THE PROBLEM: Pull each line containing "voor" out of the data and copy it.

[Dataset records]
Segment Open
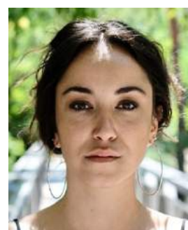
Coline D'Inca actrice
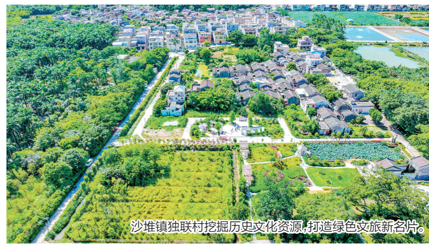
沙堆镇独联村挖掘历史文化资源，打造绿色文旅新名片。
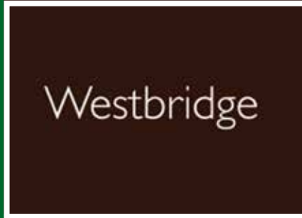
Westbridge Furniture - £206.32
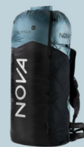
X-PACK 50 525 GRAMM 50 L (+10)
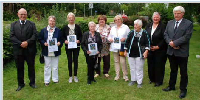
Gold-Konfirmandinnen & -Konfirmanden St. Jakobus
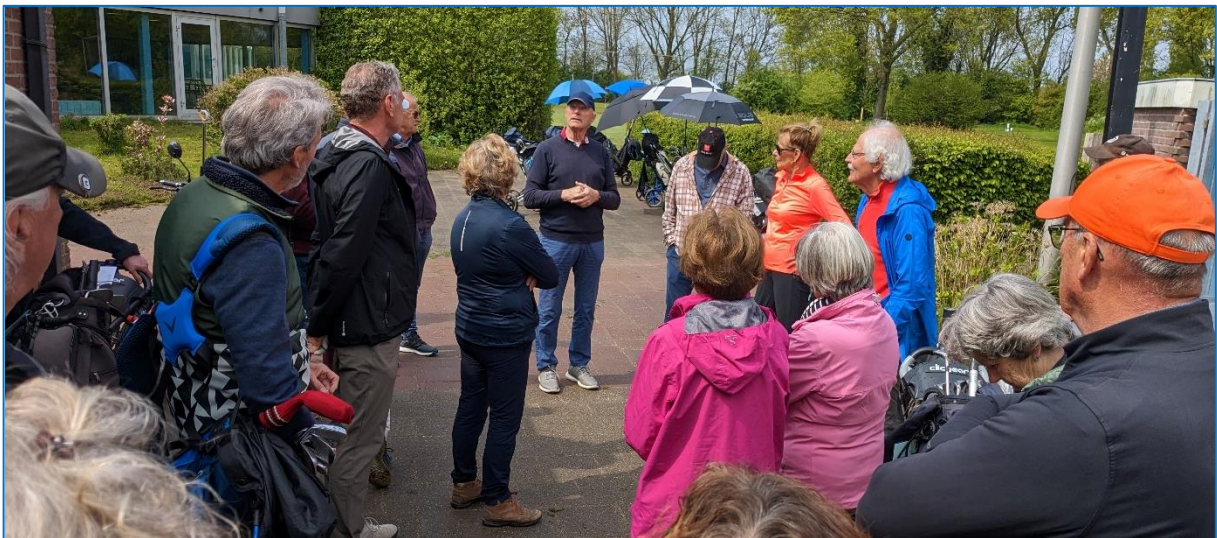
Altijd wordt de spelvorm voor het begin van de wedstrijd uitgelegd

Onze vereniging telt zo'n 300 actieve leden, die regelmatig op de baan te vinden zijn. Gewoon om individueel of in een groepje een balletje te slaan en te genieten van onze mooie baan en het leuke golfspel. Van die 300 leden neemt slechts een klein percentage deel aan de wedstrijden, die elk seizoen door de wedstrijdcommissie georganiseerd worden. En dat is jammer, want naast het recreatieve karakter, die het golf voor ons heeft, is het echte een wedstrijdssport.
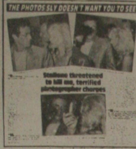
na Globe, a misteriosa louira que causou a briga de Stallone.

para ele e ameaçou matá-lo se aquelas fotos fossem publicadas. Ligier argumentou que estava fazendo seu trabalho e Stallone não conversou, distribuindo tapas e bolachas que obrigaram o fotógrafo a ir até um hospital, onde os médicos constataram concussão cerebral, maxilar quebrado, perda de consciência e contusões generalizadas. Ligier diz que até hoje ainda sente "terribles dores de cabeça" e que, por causa de tudo o que Stallone e seus guarda-costas o fizeram passar, entrou com um processo contra o ator. Se vitorioso, o fotógrafo faz a sua independência financeira, levando para casa alguns milhões de dólares, embora ele saiba que a batalha não será fácil: "Continuo recebendo ameaças de morte pois Stallone descobriu meu telefone e meu endereço. Ora são cartas, ora são ligações dizendo que, como transformei a vida dele num inferno, eu não vou viver muito mais tempo." A única coisa agradável que aconteceu para Ligier em tudo isso foi que Elle Samaha, proprietária do Roxbury Club, convidou-o para participar de uma festa oferecida para Mickey Rourke; algumas noites depois do incidente: "Ele e Mickey me trataram superbem e me deixaram fotografar tudo o que eu quisesse."
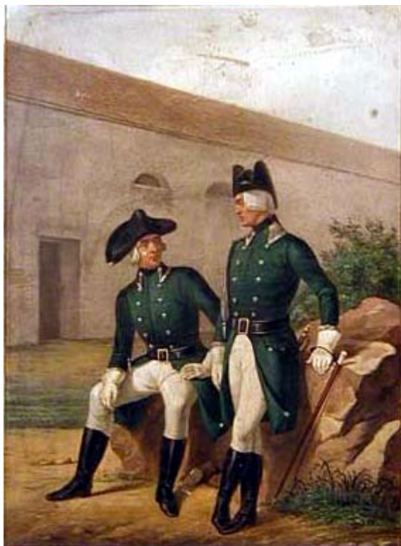
obr.č.7 – neřadoví poddůstojníci mysl.pluku

funkce ozdobně zapletená náramenní šňůra v barvě knoflíků pluku. A protože u mysliveckých stejnokrojů byla stejná šňůra standardním doplňkem důstojnického kabátce, jde v případě obšití manžet a límce páskou v barvě knoflíků pluku o označení adjutantské funkce. To je však pouze můj názor-pátrám dále. Krom už zmíněného zdobení klobouku byly jediným označením důstojnické hodnosti šerpa a hůlka (tu ale, na rozdíl od poddůstojníků, nosili důstojníci pouze mimo službu). Náhrudní důstojnický štítek byl u mysliveckých pluků zrušen v roce 1797. Mužstvo nosilo do nepohody pláštěnku (popsanou už u pěchoty) a v zimním období oblékali myslivci kabát pěchotního střihu z tmavozeleného sukna, zapínaný na suknem obšité knoflíky. Ležatý límec v plukovní barvě na mysliveckých kabátech nebyl! Důstojníci nosili v zimě a do nepohody převlečník a plášť určený důstojníkům pěchoty. Veškeré osobní věci nosili vojáci a poddůstojníci v torně pěchotního typu. Torna se nosila na levém boku, veškeré řemení (včetně řemínku polní láhve) bylo černé . O nábojových brašnách bude řeč v kapitole o výzbroji.
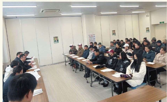
安全大会の様子（京極支所）
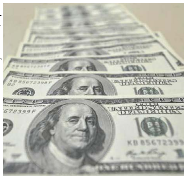
O PKB sofreu um confisco de um milhão e quatrocentos mil dólares

A agência reguladora dos mercados financeiros da Suíça (Finma) confiscou US$ 1,4 milhão do banco suíço PKB por sua participação no escândalo da Operação Lava Jato. A informação é da EFE.
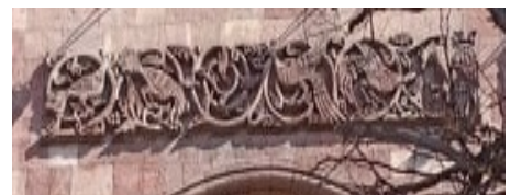
Կառավարական տան որմնախոյակներն ու զարդագոտին
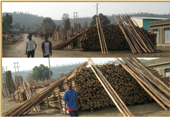
ሰኔሊ. 4.2 አግራብ በሪሶም ናብ ዝተፈላለዩ ስራሕቲ እንትውዕሉ
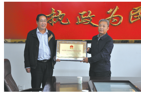
省人民满意公务员示范岗授牌
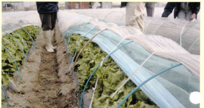
レタス(兵庫県淡路)
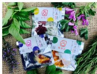
▲株式会社ポタジェ 日本酒サングリア
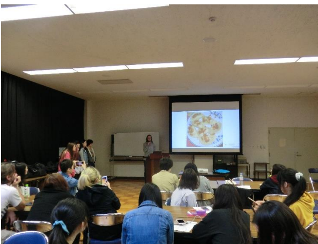
・世界の料理（ポーランド）
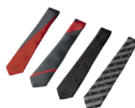
ネクタイ (4種類) 10,000円
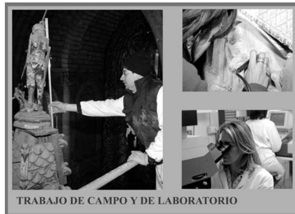
Fig.2: Trabajo de campo y de laboratorio
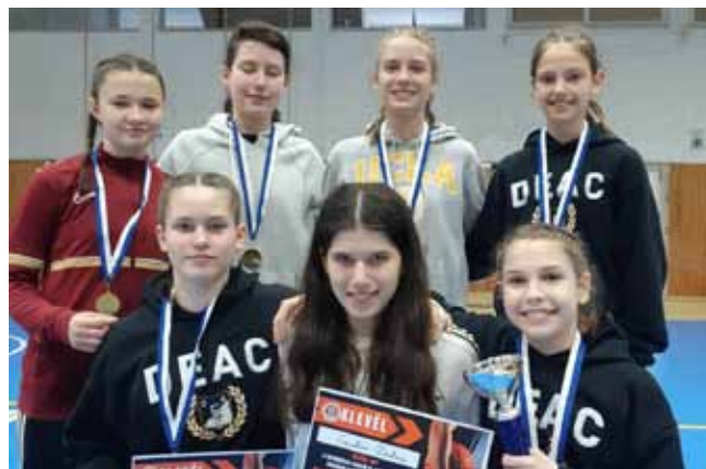
A kosárlabda csapatunk
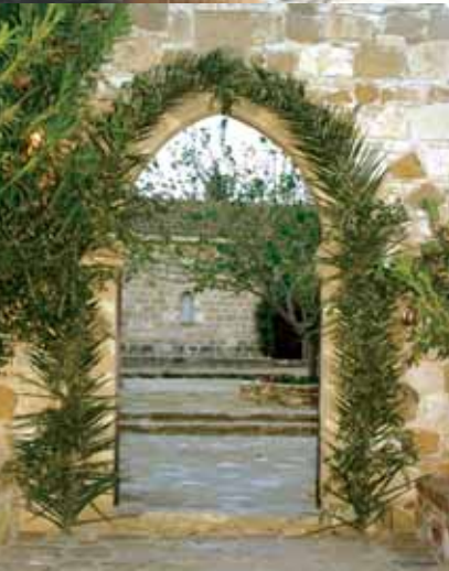
Εἰκ.15 Ἡ Πύλη τῆς Ἱεράς Μονῆς Ἁγίου Γεωργίου Μαυροβονίου, Τροῦλλοι, στολισμένη με βαΐα.
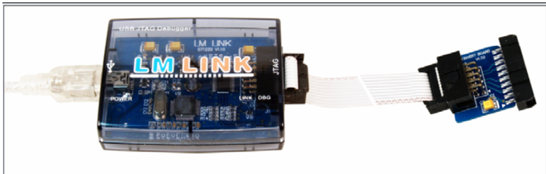
图 1 LM LINK 调试器

如图 1 所示，LM LINK 是由广州致远电子有限公司开发产的低成本高性能 USB JTAG 调试器。
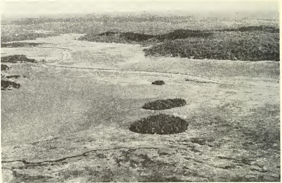
Abb. 2. Savannen und Urwaldbezirke (Luftbild östlich Gore).
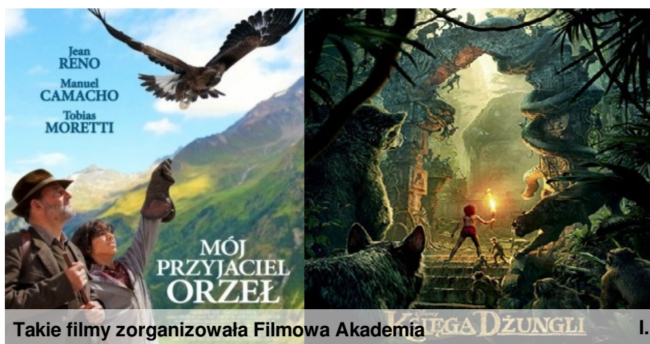
Takie filmy zorganizowała Filmowa Akademia I.
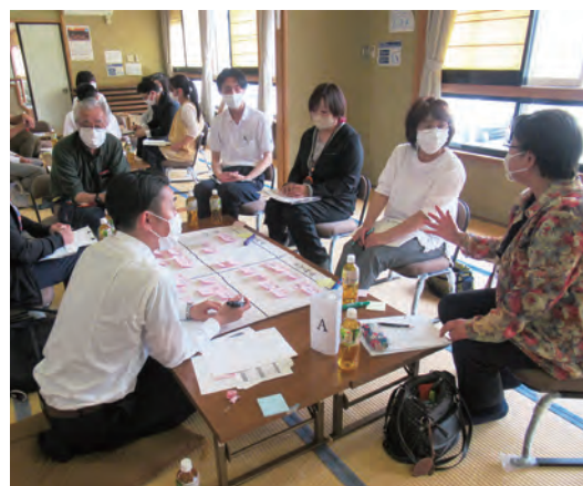
地域福祉懇談会の様子

一方、新型コロナウイルス感染拡大防止のため、様々な事業を縮小・中止せざるを得ない状況もありましたが、多様なニーズに対する住民主体のたすけあい活動、生活支援サービスの創出に取り組む団体との共催事業や支援を行うとともに、各地域のふれあいきいきサロン活動の支援を通して、交流機会の創出や高齢者等の支えあい活動を展開しました。
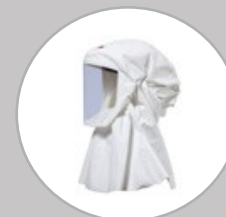
Cagoule S-533L CLBS533L
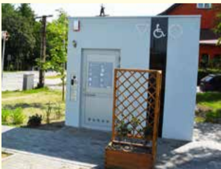
Jedna z trzech automatycznych toalet miejskich
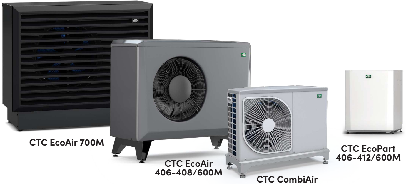
CTC EcoAir 700M

– lisätietoja on pumppujen tuote-esitteissä.
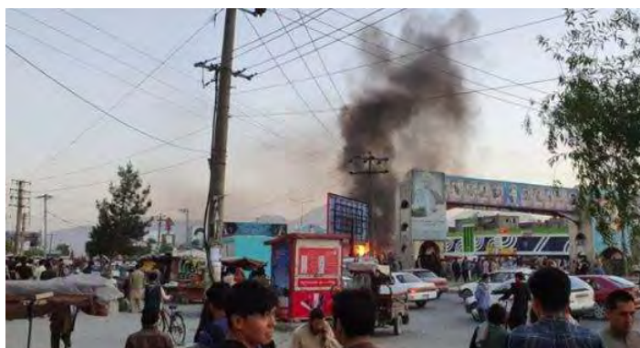
עשן מתמר מאזור הפיגוע (KAAMA PRESS, 6 באוגוסט 2022)

פיצוץ עז ארע ב-6 באוגוסט 2022 בשכונת פולה-סוח'תה (Pol-e-Sokhta), שבמערב העיר קאבול. ממשל הטאלבאן הודיע כי שני בני-אדם נהרגו ו-22 נוספים נפצעו באירוע (KAAMA PRESS, 6 באוגוסט 2022). דאעש קיבל אחריות על הפיצוץ וציין כי פעיליו הפעילו מטען חבלה נגד התקהלות של אזרחים שיעים ונגד אנשי טאלבאן. לטענת דאעש, שלושים אזרחים שיעים ואנשי טאלבאן נהרגו ונפצעו (טלגרם, 6 באוגוסט 2022).
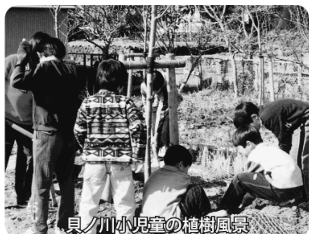
貝ノ川小児童の植樹風景

校や下川口漁港など市内の8カ所に植樹をしました。貝ノ川小学校では、子ども達が植樹を行いみんなで災害からの復興をあらためて誓いました。
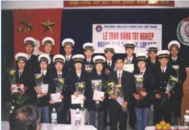
Lễ trao bằng tốt nghiệp lớp 9431 ngành Điện tàu thủy
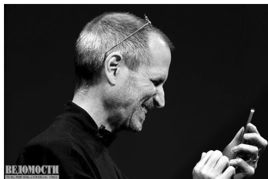
Фото 5. Стив Джобс представляет iPhone 4 на Worldwide Developers Conference в 2010 г.
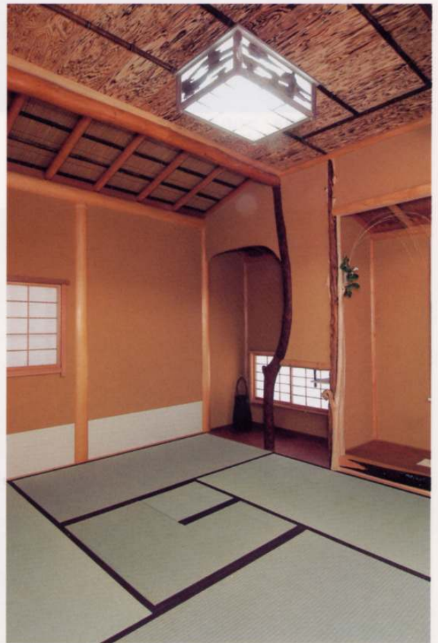
小間4畳半 天井は「わび」「さび」を表現するため、杉をバーナーで焼くなど手が込んだ仕上げに。
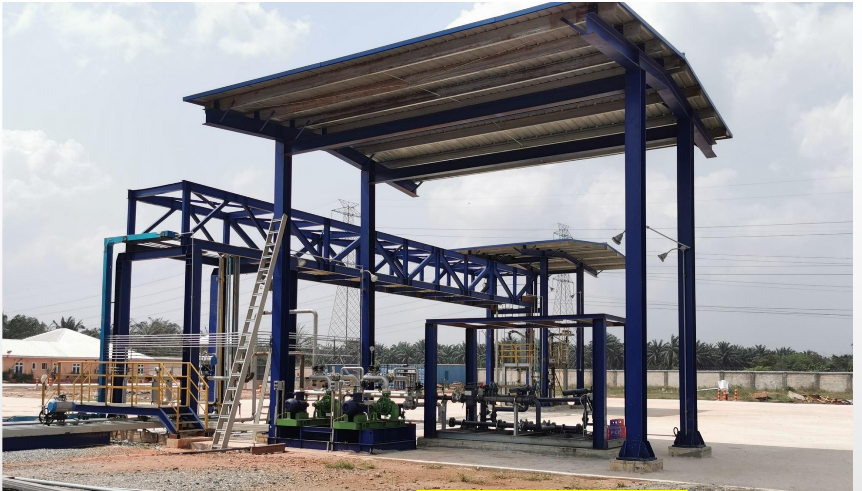
Платформа для загрузки продукта
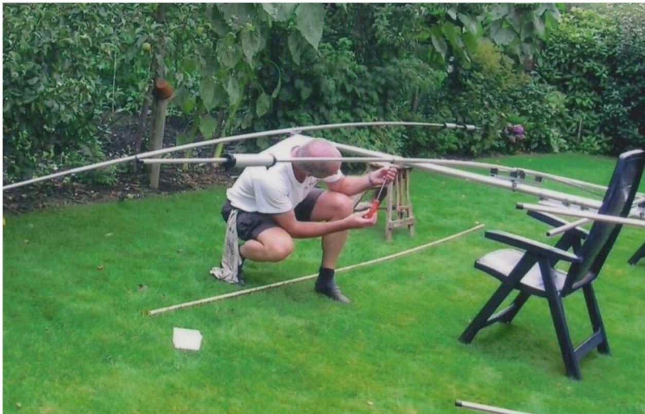
Straks boven in de mast lijkt zo'n antenne veel kleiner
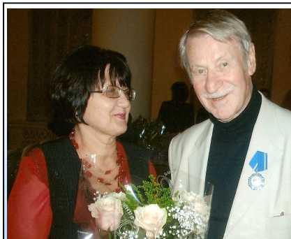
Поздравления от Народного артиста России И. И. Краско

Хайям: Какую вы музыку предпочитаете слушать?
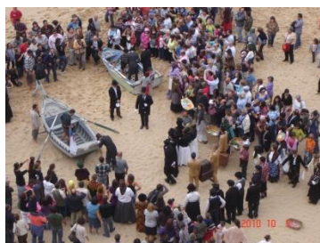
Reconstituição de 5 Outubro
Segment Closed
ANSWER SECTION:
Altijd wordt de spelvorm voor het begin van de wedstrijd uitgelegd
Onze vereniging telt zo'n 300 actieve leden, die regelmatig op de baan te vinden zijn. Gewoon om individueel of in een groepje een balletje te slaan en te genieten van onze mooie baan en het leuke golfspel. Van die 300 leden neemt slechts een klein percentage deel aan de wedstrijden, die elk seizoen door de wedstrijdcommissie georganiseerd worden. En dat is jammer, want naast het recreatieve karakter, die het golf voor ons heeft, is het echte een wedstrijdssport.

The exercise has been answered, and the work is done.